“明白。”
二人隨後掛了電話。
柴進在車裏一直沉默著。
其實早就有心理準備了,回來之前他就感覺俄國那邊應該出了點什麽問題。
至於什麽問題還要等老黃那邊確認。
飛機的事是大事,關係到他後邊很多的布局。
原本是想親自去一趟俄國的,但最後柴進還是放棄了這個想法。
讓老黃他們先折騰吧,也算是對他們的一種曆練。
車子很快到達了和張銳龍約定的茶樓。
周圍全是一些花卉養殖的農戶,但唯獨茶樓這邊十分熱鬧。
門口有汽車,摩托車,單車等等。
一側擺著幾個桌球盤子。
現在已經處於年末農閑時期,這種花一塊兩塊錢就可以待一天的地方非常受歡迎。
人有不少。
茶樓內更是人聲鼎沸,裏邊老板一聽是找張銳龍的,態度馬上好了很多:“路上呂洞賓包廂,老板,太忙了,還勞駕您自己過去。
柴進笑了笑:“沒事,您忙自己的就好。
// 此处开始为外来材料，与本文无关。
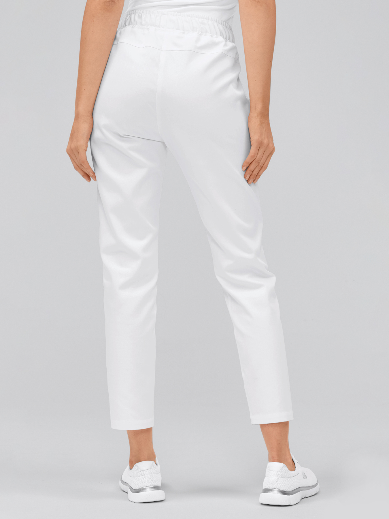 Damenhose mit Rundumgummibund, 2 Einschubtaschen, hohe Leibhöhe, bequeme Oberschenkelweite mit schmaler werdendem Bein. Schrittlänge ca. 70 cm. In 2 Qualitäten: 100% Baumwolle, 210 g/m2 und 65% Polyester/35% Baumwolle, 195 g/m2, 95°-Wäsche, Industriewäsche geeignet nach EN ISO 15797, trocknergeeignet, nicht blickdicht.

”
說著柴進上樓。
令柴進有些尷尬的是,包廂裏並沒有人。
於是給張銳龍打了個電話過去,張銳龍說在隔壁包廂裏“炸金花”。
柴進無奈,隻能等著。
十多分鍾後,包廂裏有個老板匆匆忙忙的走了進來。
頭上打了不少的摩絲,一絲不苟的往後梳著。
看柴進在包廂裏,以為自己走錯了,返回抬頭看了看門口的包廂名字後又走了進來。
背後還跟著兩個手下。
男人放下了手裏的大哥大和皮包,點了根煙,望著柴進:“你們陳老板去哪裏了?”
柴進奇怪的看了他一眼笑道:“隔壁房間炸金花,估計輸紅眼了吧,還要搞兩把才過來。”
男人低頭看了看蹭亮的皮鞋上有泥巴水。
抱怨了句:“這鬼天氣,整天到處下雨煩不煩,鞋子一天天就沒有幹淨過。”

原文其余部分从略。